Michele Weaver is an American actress, known for playing the leading role in the Oprah Winfrey Network romantic drama series Love Is.

==Early life==
Weaver is the daughter of a Haitian mother and a father from Colorado. Weaver attended Pepperdine University and later began performing in theatre.

==Career==
On screen, she began appearing in small films, and played secondary roles on television shows include Switched at Birth and Cooper Barrett's Guide to Surviving Life. She played bigger roles in the Syfy television film 2 Lava 2 Lantula (2016), and was co-lead in the thriller Illicit (2017) opposite David Ramsey and Vivica A. Fox.

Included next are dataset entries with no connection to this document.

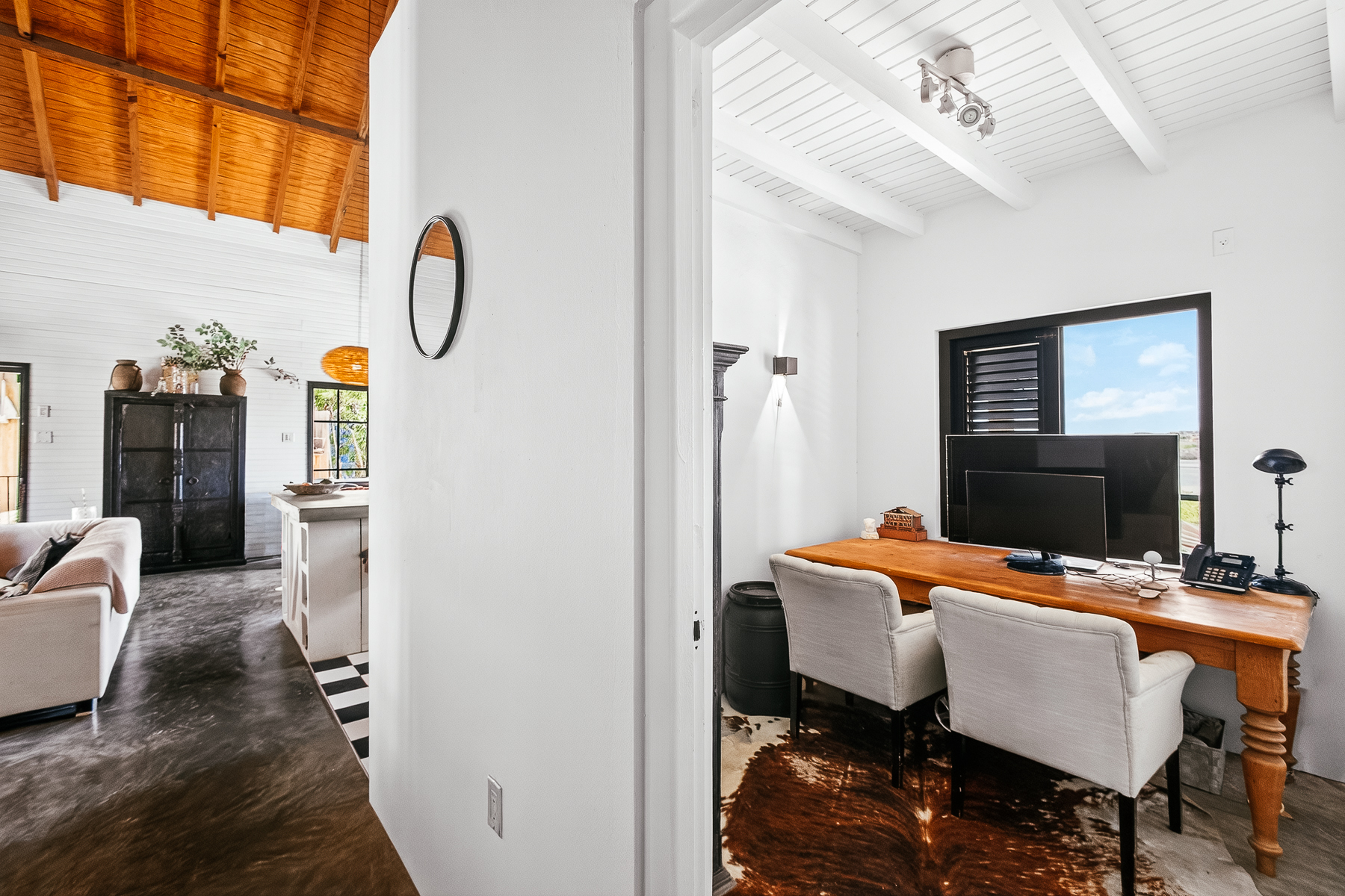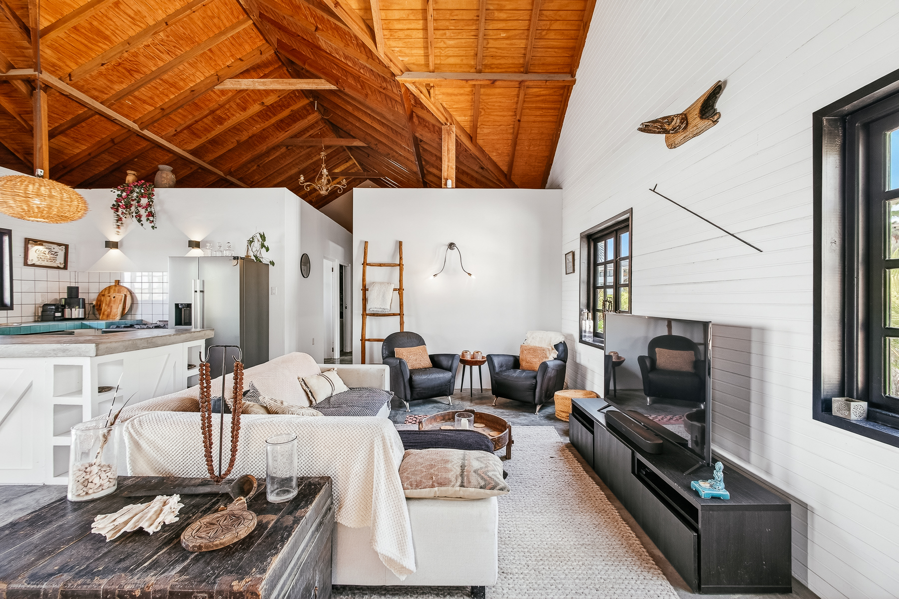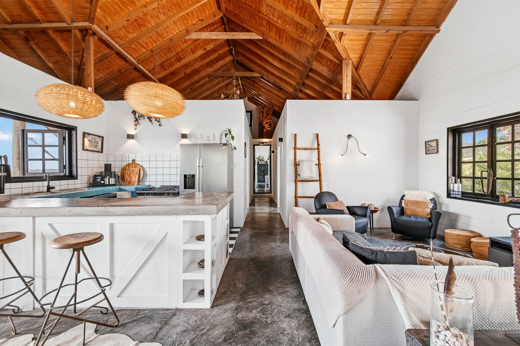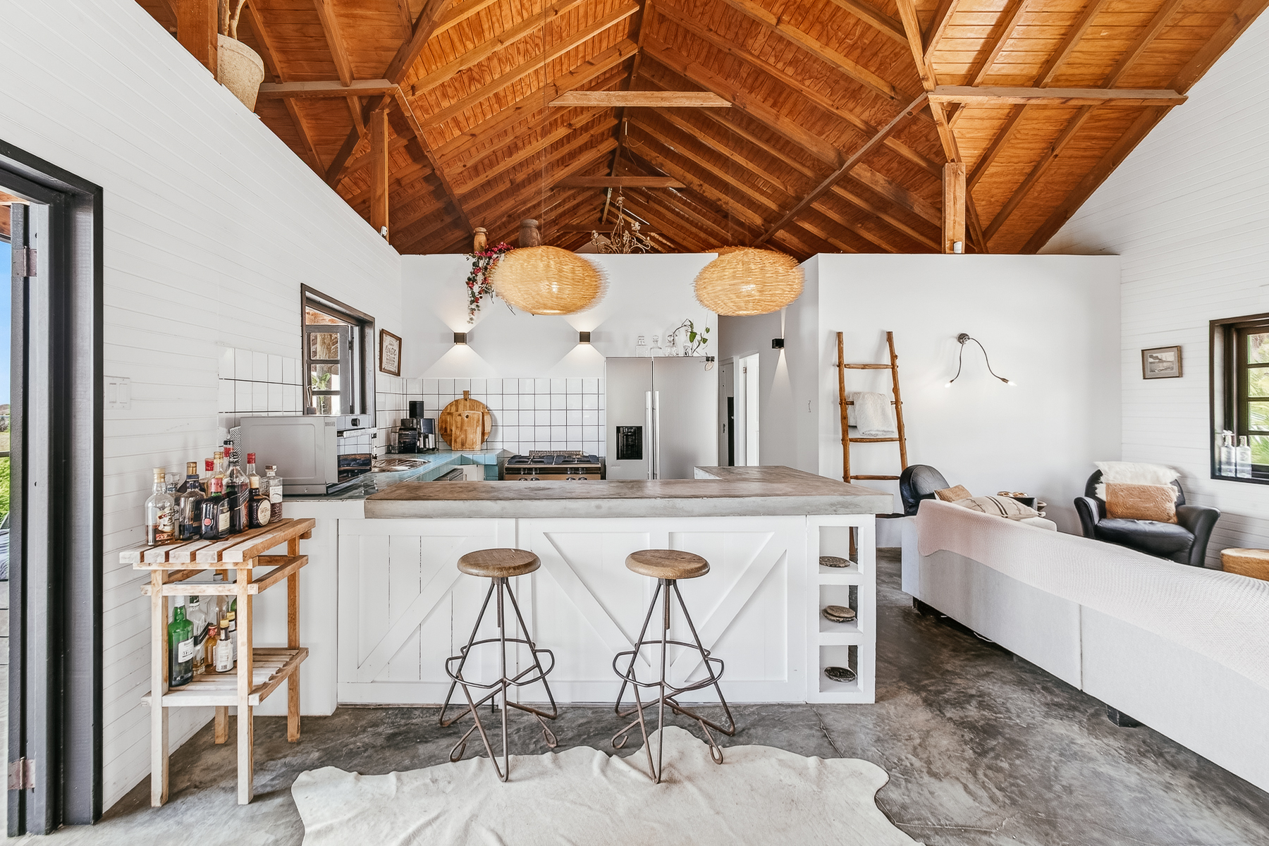 The upper level serves as the primary living space, where the kitchen, dining, and sitting areas are arranged in a continuous layout that extends toward a generous covered veranda. This outdoor living space acts as an extension of the interior, offering areas for dining, lounging, and quiet retreat. From here, the view stretches uninterrupted across the salt flats, with the gentle movement of the trade winds enhancing the sense of openness and connection to nature.
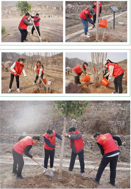 春風(fēng)催新綠,植樹正當(dāng)時。3月11日上午,景區(qū)職工們來到紅旗渠勞動實踐教育基地,開展“植綠護綠 關(guān)愛自然”義務(wù)植樹活動。植樹現(xiàn)場氣氛熱烈,一派繁忙景象,大家揮鍬鏟土、培土圍堰、提水澆灌......一株株樹苗迎風(fēng)而立,為春天增添生機!
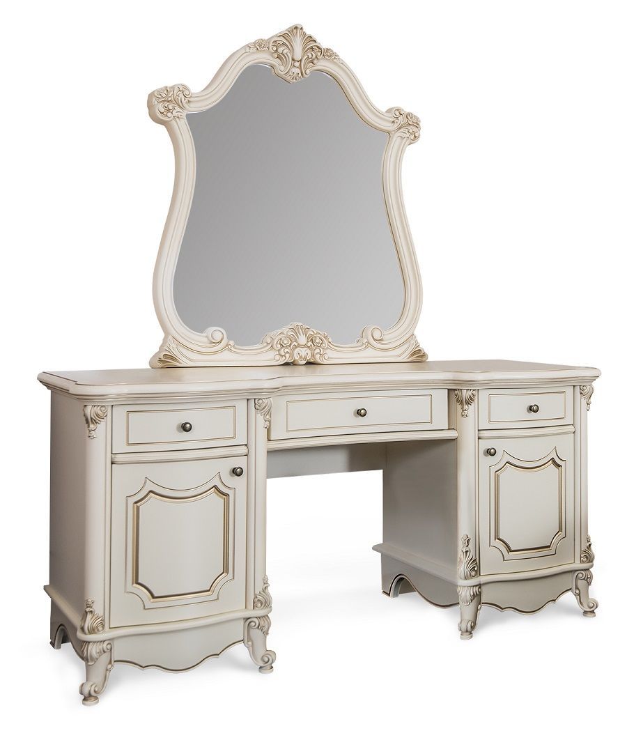 Роскошный и по-королевски неординарный туалетный столик «Мона Лиза». Он создан, чтобы дарить уют и ощущать себя царственной особой. Это мечта, которая легко станет явью и превратит заурядные интерьеры в шикарные хоромы. Такая мебель мысленно возвратит нас во Францию и Версаль, в пышные покои Людовика XIV и времена будуаров. Она подойдет всем, кто хочет ощущать праздник и жить, поддерживая в своем доме атмосферу легкости и итальянского очарования.
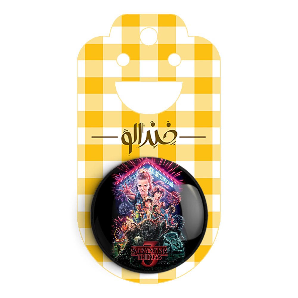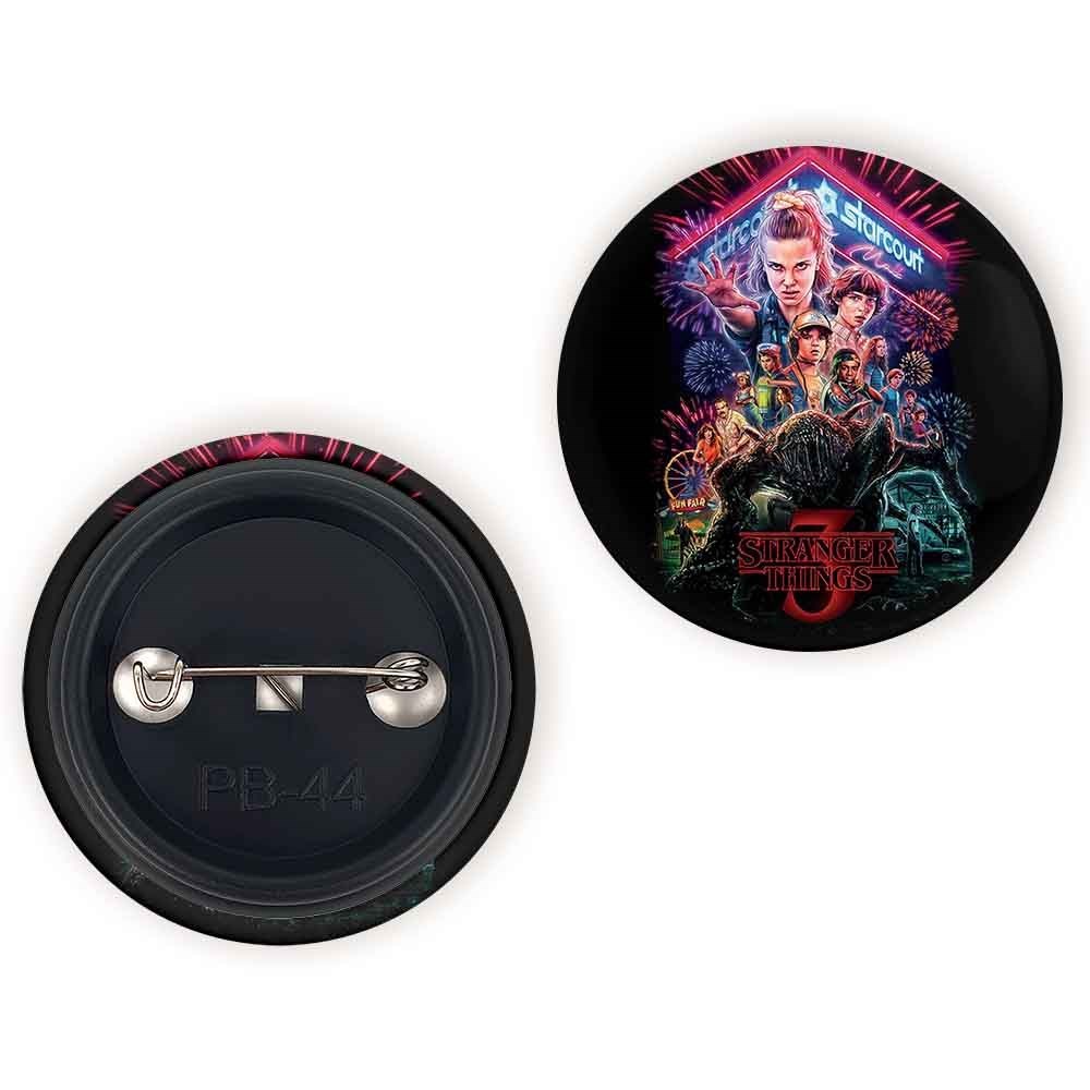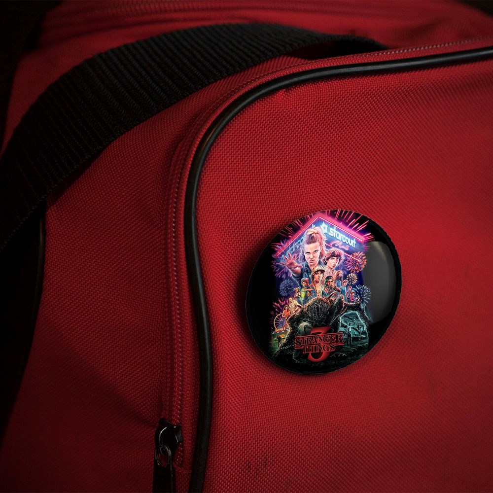 پیکسل 44 میلی متری سریال استرنجر تینگز Stranger Things خندالو با روکش سلفون حرارتی مات مخملی ضدخش و قطعه پشتی رنگی تولید شده است.پلاستیکی پشت پیکسل با سوزن یک تکه ثابت و بدون لغزش و جا به جایی، ایستایی بسیار بهتری نسبت به پشتی فلزی پیکسل دارند که این مهم در تولید این محصول نیز رعایت شده است.

In 2018, Weaver was cast in a leading role on the Oprah Winfrey Network romantic drama series, Love Is created by Mara Brock Akil and Salim Akil. The series is based on the Akils' relationship, the series told the story of a power couple navigating the landscape of black actors in Hollywood. On July 31, 2018, it was originally renewed for a second season, but on December 19, 2018, OWN reversed the decision and canceled the series after Salim Akil was accused of domestic violence and copyright infringement.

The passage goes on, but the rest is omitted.